As if waiting for his goodnight kiss
While the naked boy performs what he once did
For himself. It’s only suffering
Can make us all more than brutes, the way that boy
Suffers the silvery thread
To be spun inside himself,
The snail-track left on lilac,
Its lustrous mirror-writing,
The mysterious
Laws drawn through our lives

Like a mother’s hand through her son’s hair . . .
But again nothing comes of it. The signal
Must be given, the small bedside bell.
He needs his parents to engender himself,
To worship his own body
As he watches them adore
Each other’s. The two cages
Are brought in like the holy
Sacrament. Slowly
The boy unveils them.

The votive gaslights seem to flicker.
Her dying words were “What have you done to me?”
In each cage a rat, and each rat starved
For three days, each rat furiously circling
The pain of its own hunger.
Side by side the two cages
Are placed on the bed, the foot
Of the bed, right on the sheet
Where he can see them
Down the length of his

Body, helpless now as it waits there.
The rats’ angry squealing sounds so far away.
He looks up at his mother-touches
Himself-at the photograph on the dresser,
His mother in her choker
And her heavy silver frame.
The tiny wire-mesh trap doors
Slide open.

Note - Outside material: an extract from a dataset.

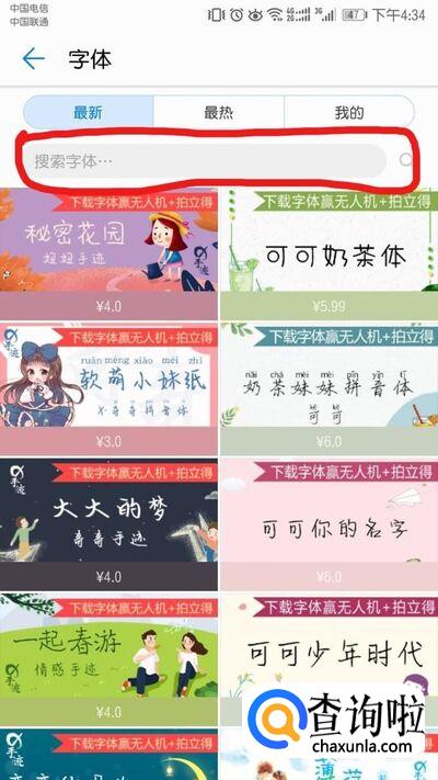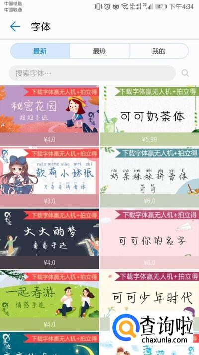 在字体样式里,可见大部分都是需要付费的,如果你不想付费,可以在搜索栏中搜索“免费”,然后选择自己喜欢的字样。下载好的字体在“我的”里面可随意切换。

At once the rats
Leap at each other,
Claws, teeth, the little

Shrieks, the flesh torn, torn desperately,
Blood spurting out everywhere, hair matted, eyes
Blinded with blood. Whichever stops
To eat is further torn. The half-eaten rat
Left alive in the silver
Cage the boy-he keeps touching
Himself-will stick over and
Over with a long hatpin.
Between his fingers
He holds the pearl drop.

She leans down over his bed, her veil
Half-lifted, the scent of lilac on her glove.
His father hates her coming to him
Like this, hates her kissing him at night like this.